2. De tekst van punt 66u (Verordening (EG) nr. 550/2004 van het Europees Parlement en de Raad) wordt als volgt gewijzigd:
i) De volgende tekst wordt toegevoegd:
", gewijzigd bij:
- 32009 R 1070: Verordening (EG) nr. 1070/2009 van het Europees Parlement en de Raad van 21 oktober 2009 (PB L 300 van 14.11.2009, blz. 34)."
ii) De aanpassingen a), b), c) en d) worden respectievelijk de aanpassingen d), e), f) en g).
iii) De volgende aanpassingen worden ingevoegd:
"a) Met betrekking tot IJsland wordt artikel 9 bis, lid 2, onder c), als volgt gelezen:
"zorgen voor consistentie met het Europese routenetwerk dat overeenkomstig artikel 6 van de luchtruimverordening wordt opgericht of met het in de ICAO-NAT-regio opgerichte routenetwerk;"
b) Met betrekking tot IJsland wordt artikel 9 bis, lid 2, onder i), als volgt gelezen:
"bijdragen aan consistentie met regionale of nationale prestatiedoelstellingen."
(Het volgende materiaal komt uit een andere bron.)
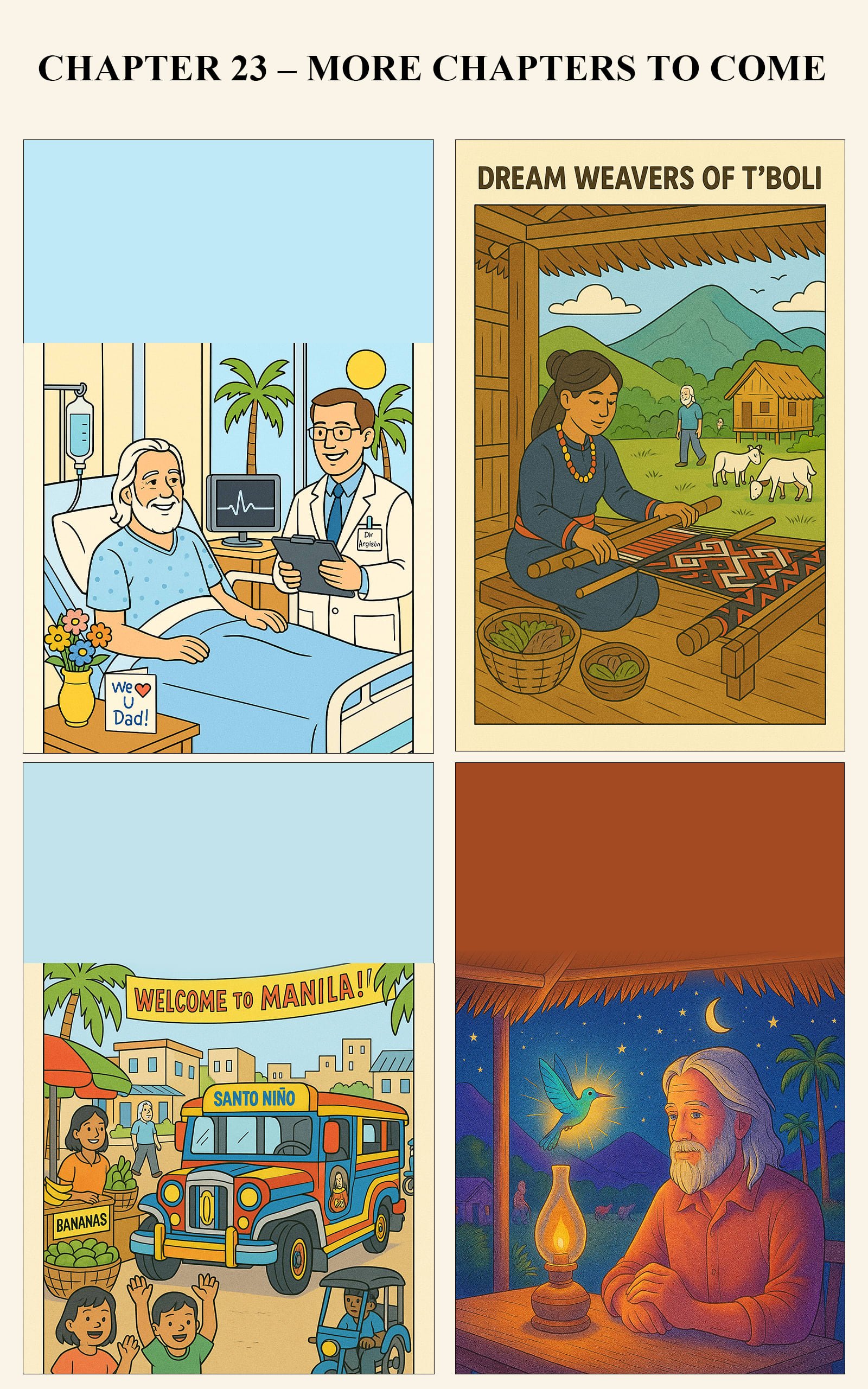 That night, under a thatched roof dimly lit by an oil lamp, a single hummingbirdâor maybe it was a dragonflyâhovered near the flickering flame. Its wings caught the firelight like shards of living glass. I took it as a sign that the circle had closed. That the spirit that had followed me from Colorado valleys to Ecuadorian mountains to Los Angeles nights had found me again in the Philippine highlands.

c) In artikel 9 bis, lid 6, wordt de volgende alinea toegevoegd:
"De Commissie en de Toezichthoudende Autoriteit van de EVA beoordelen of de functionele luchtruimblokken die zich uitstrekken over één of meer EU-lidstaten en één of meer EVA-staten, voldoen aan de in lid 2 bedoelde eisen en werken samen om een gemeenschappelijk resultaat ter bespreking aan het Single Sky-comité te presenteren. Indien de Commissie en de Toezichthoudende Autoriteit van de EVA vaststellen dat een functioneel luchtruimblok niet aan de eisen voldoet, voeren zij gesprekken met de respectieve betrokken EU-lidstaten en EVA-staten om tot afspraken te komen over de maatregelen die nodig zijn om de situatie te corrigeren."
3. De tekst van punt 66v (Verordening (EG) nr. 551/2004 van het Europees Parlement en de Raad) wordt als volgt gewijzigd:
i) De volgende tekst wordt toegevoegd:
", gewijzigd bij:
– 32009 R 1070: Verordening (EG) nr. 1070/2009 van het Europees Parlement en de Raad van 21 oktober 2009 (PB L 300 van 14.11.2009, blz. 34)."
ii) De tekst van aanpassingen a) en b) wordt geschrapt.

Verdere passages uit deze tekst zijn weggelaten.